WHAT IS BEING ASKED
An exact copy of the lines from the top of the data through the line with "从西门出来的厦门大学牌匾,这个时候天已经全黑,月亮在校门之上很美" is what you should give, with no pictures in it.
── RECORDS FOR THIS TASK
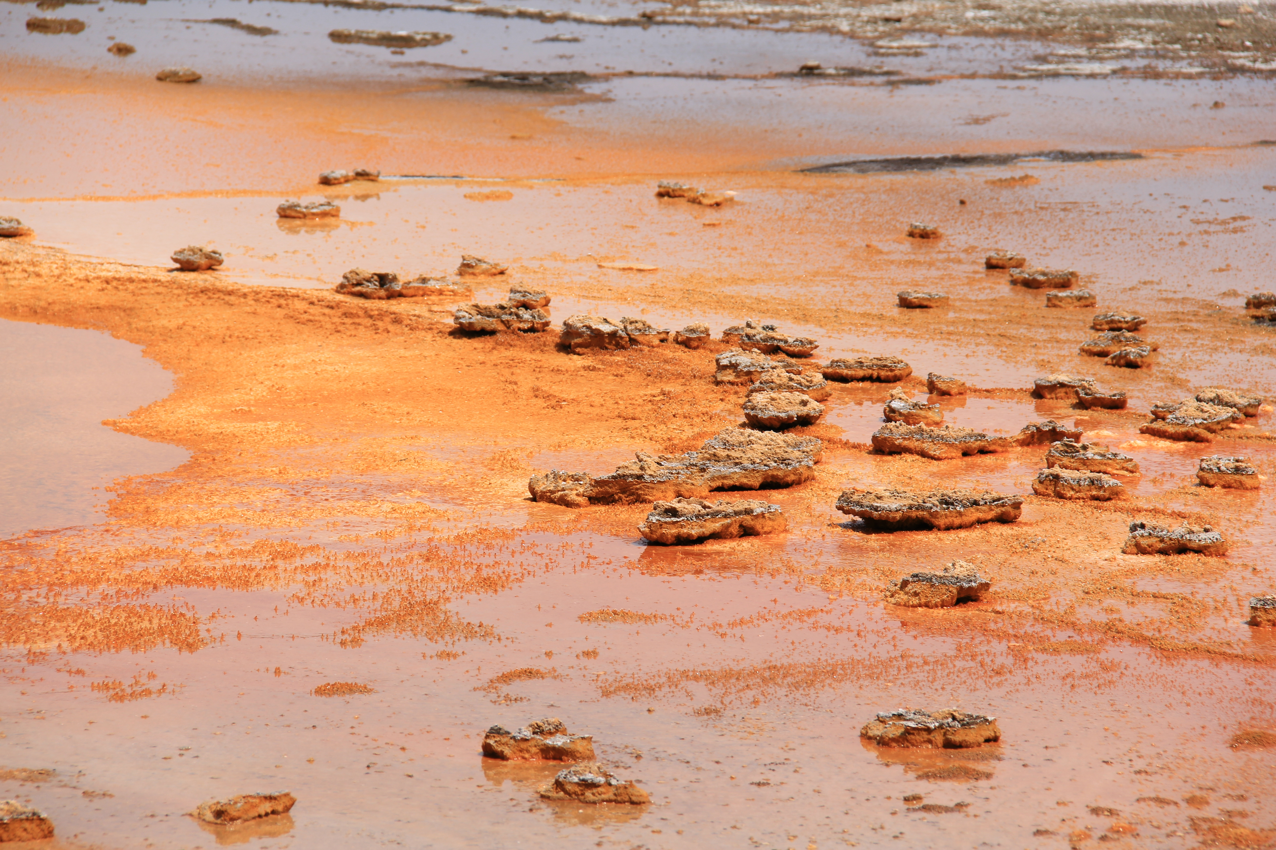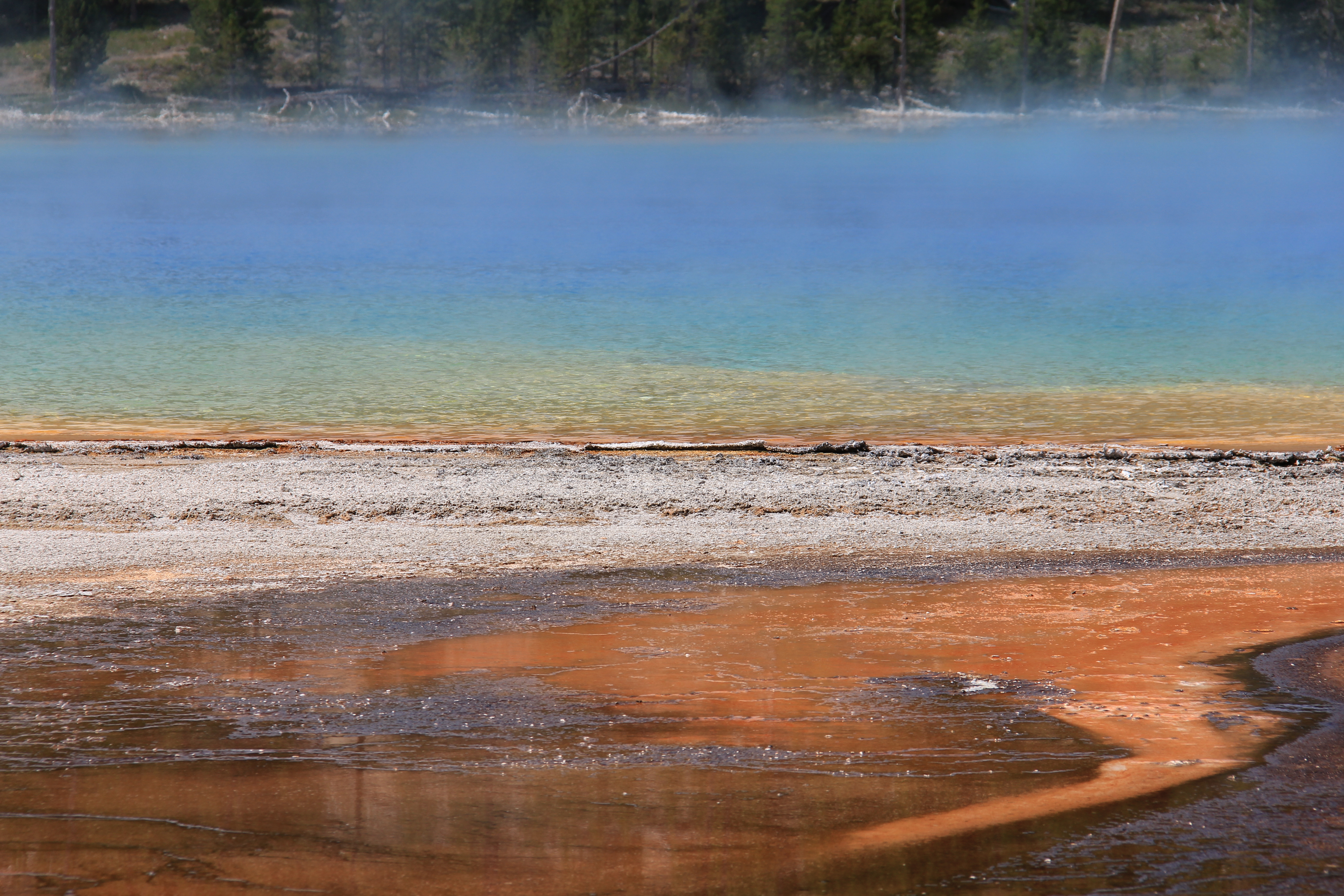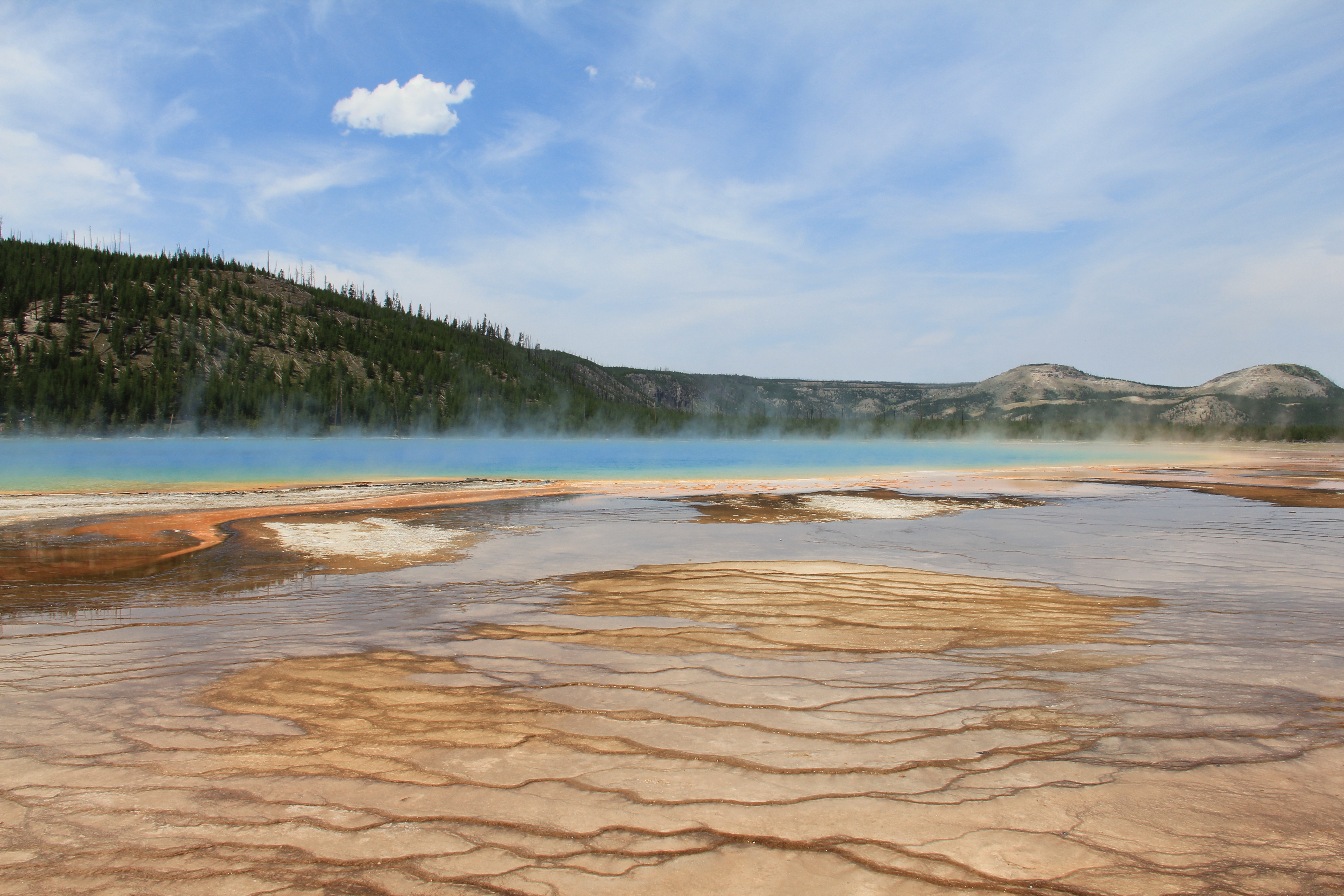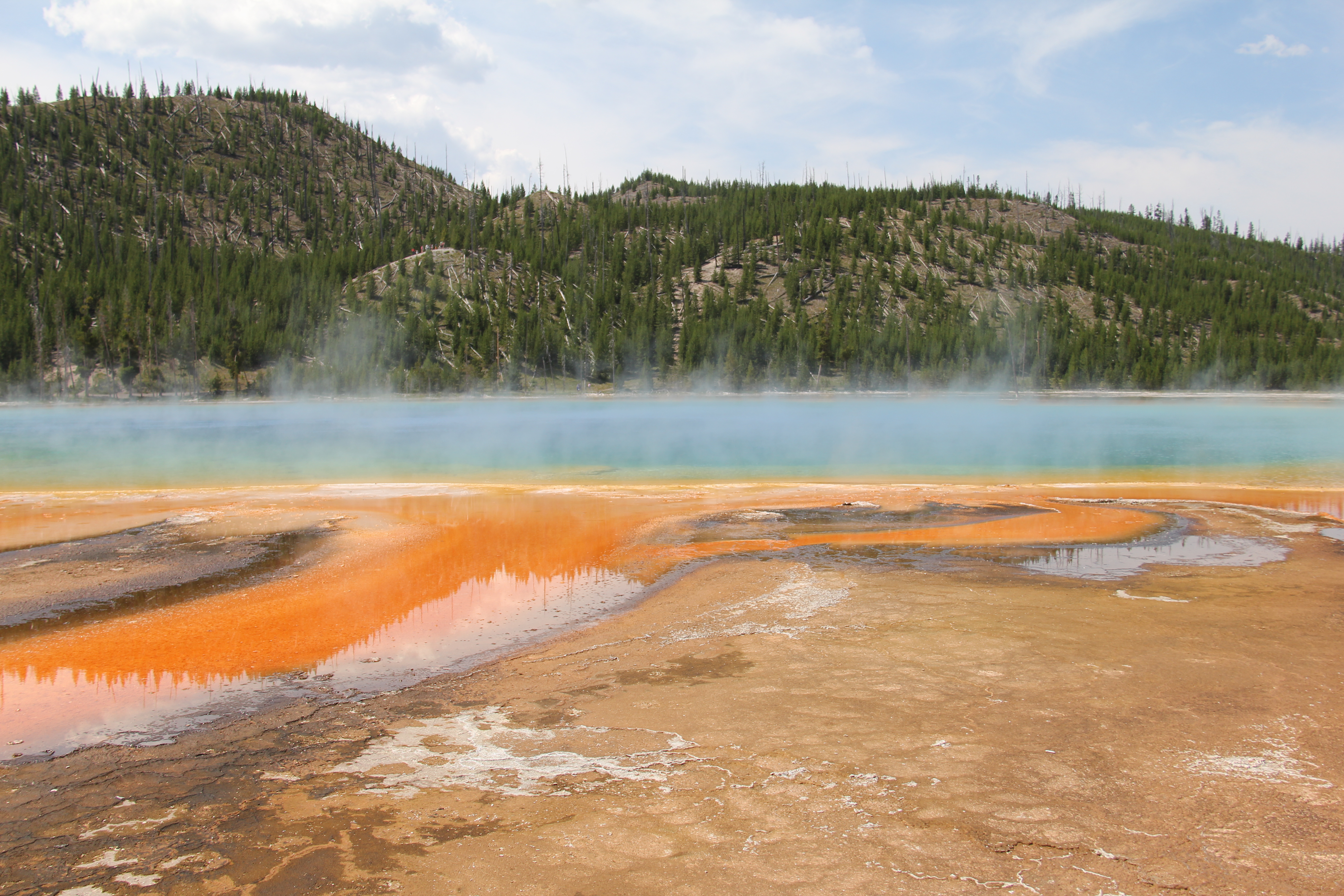 Inte så långt från Old Faithful ligger Grand Prismatic Spring. Helt fantastiskt, ett måste om man kommer till Yellowstone! Det går att parkera bilen alldeles intill om man vill, eller också parkerar man vid Fairy Falls och går ett par miles. Prismatic Spring är alltså en varm källa, vattnet är c:a 70°C så man får akta sig för att doppa tårna i vattnet. I mitten av källan är vattnet knallblått av solens strålar som bryts mot vattenytan, men runt kanterna har mikroorganismer i det varma vattnet färgat det gult, orange och brunt. Otroligt vackert och märkligt att se. Enligt informationsskylten som finns där tror man att om man hittar liv på andra planeter är det troligtvis liknande mikroorganismer man i så fall kommer att hitta, eftersom miljön är så ogästvänlig att inget annat liv är möjligt.
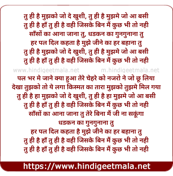 Lyrics of Tu Hi Hain - तु ही है मुझको जो दे खुशी, तु ही है मुझमे जो आ बसी
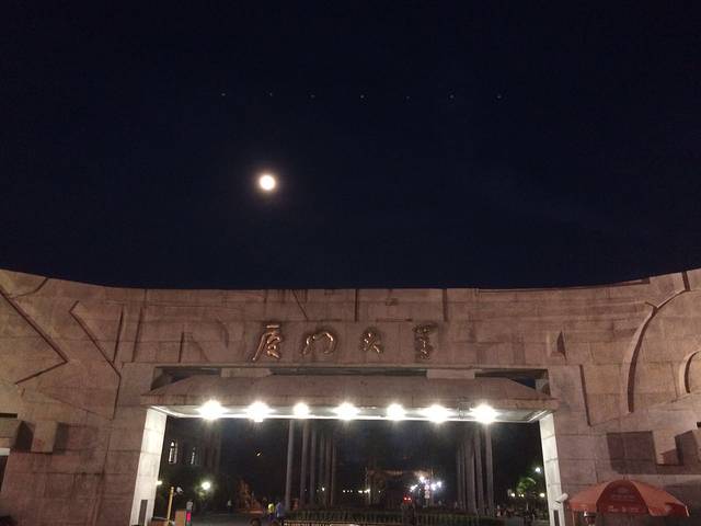 从西门出来的厦门大学牌匾,这个时候天已经全黑,月亮在校门之上很美
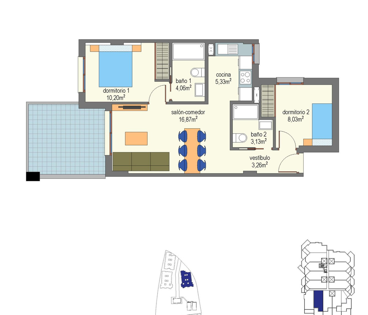 Modern appartement met terras en gedeeltelijk zeezicht – Costa Blanca Dit charmante appartement op de begane grond biedt een comfortabele mediterrane levensstijl in een van de meest gewilde gebieden van de Costa Blanca. Gelegen op slechts een paar minuten van het strand en met gemakkelijke toegang tot alle voorzieningen, is het ideaal als permanente woning, tweede huis of vakantieverhuur. De woning beschikt over 2 slaapkamers en 2 badkamers, verdeeld over een moderne, functionele ruimte vol natuurlijk licht. Een bijzonder kenmerk is het privéterras: de ideale plek om te ontspannen en te genieten van het aangename klimaat het hele jaar door, met gedeeltelijk uitzicht op zee en de natuurlijke omgeving. Specificaties omvatten: Gemeubileerde keuken met keramische kookplaat, spoelbak en afzuigkap Volledig ingerichte badkamers met meubilair en douchewand Inbouwkasten met binneninrichting Dubbele beglazing en gemotoriseerde rolluiken Uitstekende kwaliteit materialen en afwerkingen Dit appartement ligt in een rustige woonwijk met aangelegde tuinen en een vredige sfeer. Het combineert comfort, design en de nabijheid van de zee: ideaal om volop te genieten van de mediterrane levensstijl.
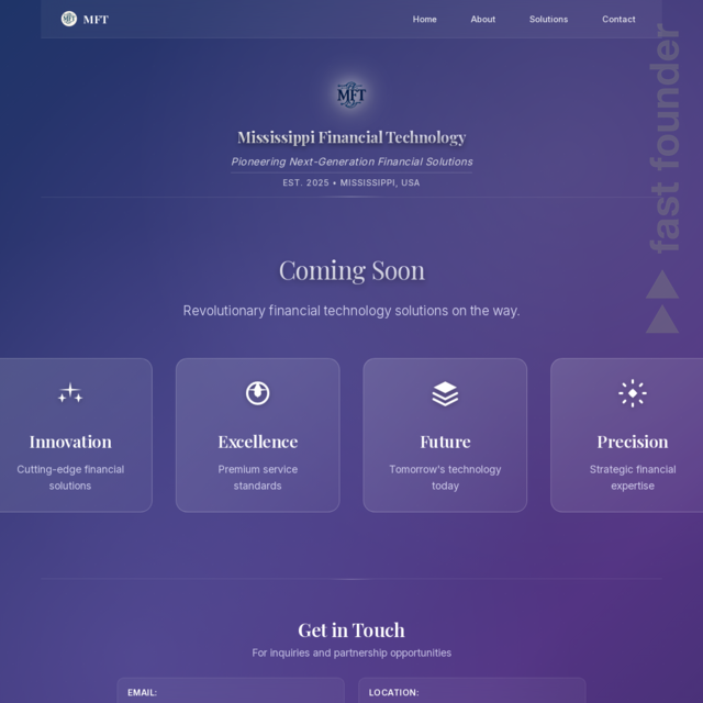 “Mississippi Financial Technology - Revolutionary financial technology solutions coming soon. Innovation, excellence, and precision in fintech.”
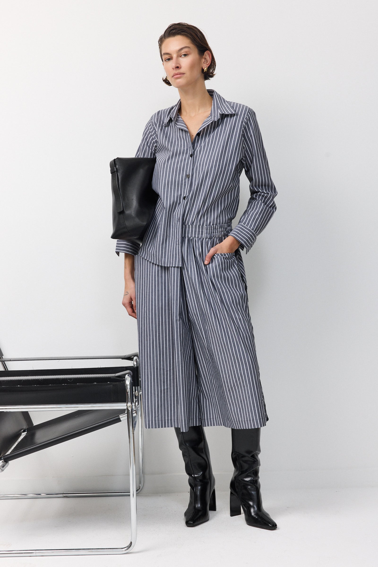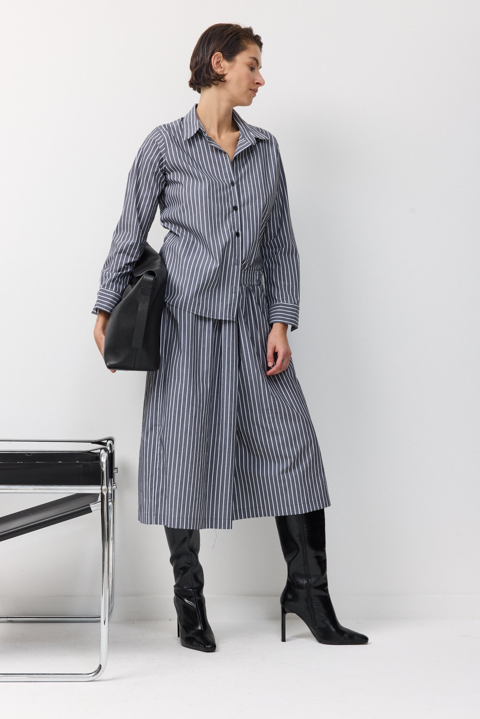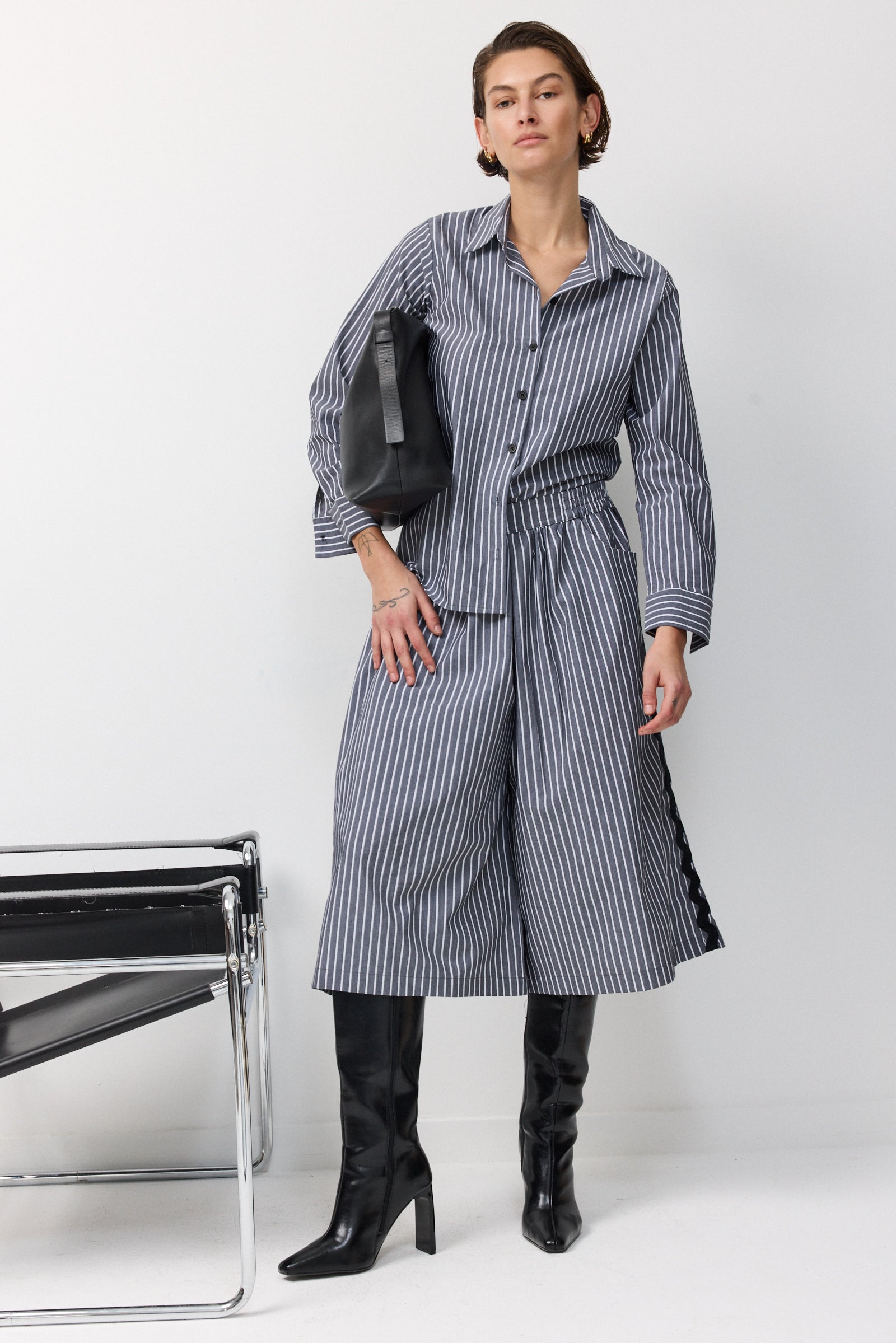 בעלת פסים שחור/אפור בשילוב פס לבן מעט דק יותר
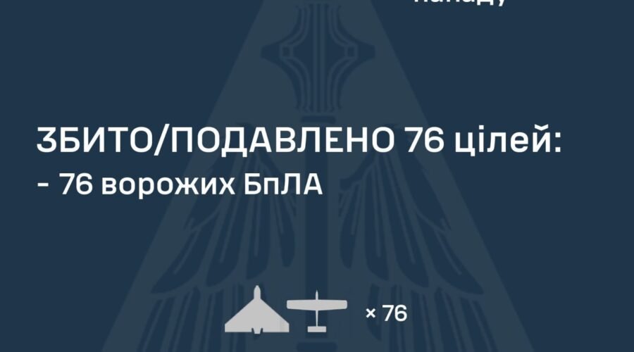 За попередніми даними, станом на 08:00, протиповітряною обороною збито/подавлено 76 ворожих БпЛА на півночі та сході країни.
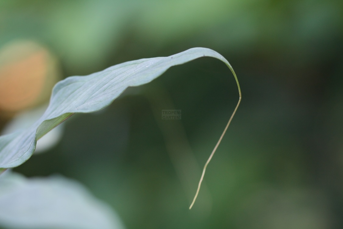 Der Blütenstiel ist kürzer als die Blattstiele, bis 75 cm lang, mit oder ohne undeutlichen weißlichen Streifen. Das Hochblattröhre ist zylindrisch, 6–7 cm lang, etwa 1,5 cm im Durchmesser breit, gewölbt und am Schlund zurückgebogen. Das Hochblattsegel ist tiefgrün, manchmal außen mit violettem Rand, innen hellgrün, 3-eckig bis eiförmig, 8–12 cm lang, 4–8 cm breit, an der Spitze mit violettem, fadenförmigem, 35 cm langem, hängendem Schwanz. An der Basis des Kolbens (= Spadix) finden sich 2 Gruppen von quirlständigen Blüten: oben die männlichen, unten die weiblichen Blüten. Die weibliche Zone ist kegelförmig, etwa 3,5 cm lang, 1,5 cm breit mit grünen, verkehrt eiförmigen Fruchtknoten. Die männliche Zone ist zylindrisch, 4–4,5 cm lang, 4–5 mm breit. Appendix blassgrün, zylindrisch oder schmal kegelförmig, etwa 7 cm lang, 2–4 mm breit, mit einigen spitzen kastanienförmigen Blüten am Grund. Der Fruchtstand ist nickend mit roten Beerenfrüchten.
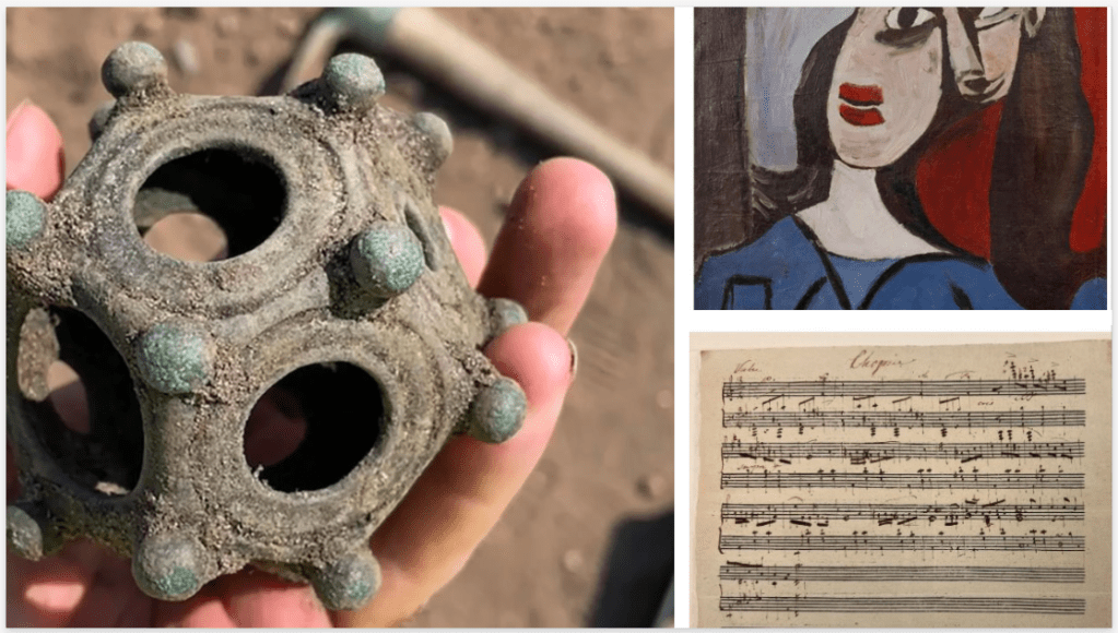 Mynd eftir Picasso, tónverk eftir Chopeng og það dularfyllsta er hér lengst til vinstri.
────
OUTPUT FOR THIS TASK
 Inte så långt från Old Faithful ligger Grand Prismatic Spring. Helt fantastiskt, ett måste om man kommer till Yellowstone! Det går att parkera bilen alldeles intill om man vill, eller också parkerar man vid Fairy Falls och går ett par miles. Prismatic Spring är alltså en varm källa, vattnet är c:a 70°C så man får akta sig för att doppa tårna i vattnet. I mitten av källan är vattnet knallblått av solens strålar som bryts mot vattenytan, men runt kanterna har mikroorganismer i det varma vattnet färgat det gult, orange och brunt. Otroligt vackert och märkligt att se. Enligt informationsskylten som finns där tror man att om man hittar liv på andra planeter är det troligtvis liknande mikroorganismer man i så fall kommer att hitta, eftersom miljön är så ogästvänlig att inget annat liv är möjligt.
 Lyrics of Tu Hi Hain - तु ही है मुझको जो दे खुशी, तु ही है मुझमे जो आ बसी
 从西门出来的厦门大学牌匾,这个时候天已经全黑,月亮在校门之上很美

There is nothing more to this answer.